Minggu, 11 Desember 2011

Otodidak 25 Tahun Mengabdi Pendidikan di Kota Wali

Dengan rambut panjang sebahu, aku memasuki gerbang sekolah Santa Maria. Aku merasa ada yang aneh dari sorot mata orang-orang di pagi buta itu. Aku pikir mereka melihat ’pesakitan’-dengan rambut sebahu dengan menggendong ransel- memasuki gerbang sekolah.

Sangat ramah Suster Gaudentia OP menerimaku. Ada gelak tawa karena rambutku sebahu. Satu pertanyaan beliau tembakkan. Aku tersadarkan bahwa aku sedang berhadapan dengan suster pimpinan yayasan pendidikan. Bahwa aku sudah memutuskan untuk menjadi guru. Bahwa aku berprinsip ’Hidup bukan untuk uang, tetapi uang untuk hidup’.

”Anda dapat ngajar apa?” Pertanyaan yang tidak pernah aku bayangkan. (Memang aku belum membayangkan apa yang dapat aku ajarkan sebagai guru. Maksudku bidang apa yang akan aku pilih. Belum terpikirkan meski sudah berhadapan dengan suster pimpinan yayasan)

”Terserah, Suster! Apa pun mau!” jawabku.

Kami pun sepakat. Aku ditugasi untuk mengajarkan bahasa dan sastra Indonesia. Suatu pilihan berisiko, aku sadari. Sedetik pun aku belum pernah studi bahasa Indonesia. Mengapa bukan filsafat? Bukankah anak-anak muda menjelang dewasa sangat butuh filsafat? Bukankah filsafat mendasari dalam pembentukan kepribadian dan kecerdasan?

Bersyukurlah aku, 1 Juli 2007, genap 25 tahun aku mengabdi dunia pendidikan di Cirebon. Bersyukur karena boleh menikmati seperempat abad lebih aku baktikan hidupku dalam pemberdayaan dan pencerdasan anak bangsa.
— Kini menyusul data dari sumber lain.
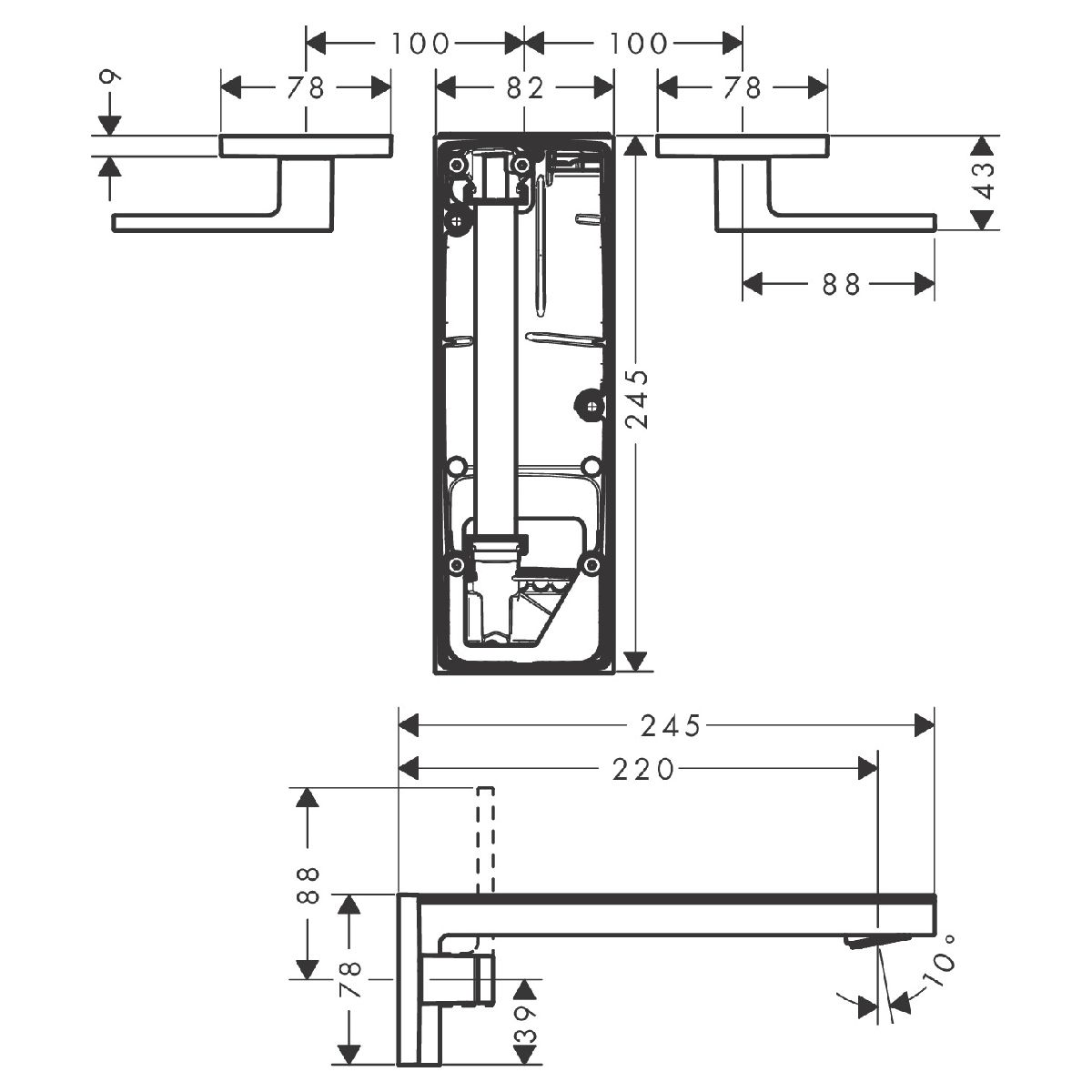 - bestehend aus: 3-Loch-Waschtischarmatur für Wandmontage, Unterputz, Ablaufgarnitur

Rasa syukur itu, aku tuangkan dalam buku kecil hidupku ‘Otodidak: 30 Tahun Mengajarkan Bahasa Indonesia’. Pasti, bukan kesombongan diri. Bukan narsistis. Bukan pula pertanda superior atau unjuk kehebatan.

Buku kecil hidupku ini merupakan peneguhan diri bahwa yang mustahil dapat menjadi nyata.
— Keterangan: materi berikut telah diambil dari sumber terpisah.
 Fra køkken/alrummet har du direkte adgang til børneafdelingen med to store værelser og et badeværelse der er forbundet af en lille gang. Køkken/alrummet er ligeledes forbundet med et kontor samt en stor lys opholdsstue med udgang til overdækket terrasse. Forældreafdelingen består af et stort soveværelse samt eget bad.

Pertama, sedetik pun aku tidak pernah studi bahasa dan sastra Indonesia tetapi 25 tahun mengajarkan bahasa Indonesia. Kedua, apa yang aku lakukan dalam keseharian diperhatikan dan dicermati masyarakat pers Cirebon sehingga tahun 2001 aku dihadirkan sebagai salah satu tokoh masyarakat Cirebon, tahun 2008 aku difigurkan sebagai guru professional. Ketiga, Departemen Pendidikan Nasional melibatkan dalam pertemuan bertaraf nasional: 1994, 2001, 2003, 2004, 2005, 2006. Keempat, eksistensiku sebagai ‘Guru Bahasa dan Sastra Indonesia SMA’ menjadi sangat “sah” ketika aku diundang sebagai pembicara Pertemuan Ilmiah Bahasa dan Sastra Indonesia” XXV Universitas Negeri dan Swasta se-Indonesia.
Diterbitkan di: 02 Nopember, 2011

Sumber: http://id.shvoong.com/humanities/philosophy/2225101-otodidak-25-tahun-mengabdi-pendidikan/#ixzz1gHCSN8Hq

Tidak ada komentar:

Posting Komentar

REFLEKSI : 104 PAHLAWAN NASIONAL ROBERT WOLTER MONGISIDI

Robert dilahirkan di Malalayang< Manado,   anak ke-4 dari Petrus Mongisidi dan Lina Suawa,   14 Februari 1925. Panggilan akrab Robert...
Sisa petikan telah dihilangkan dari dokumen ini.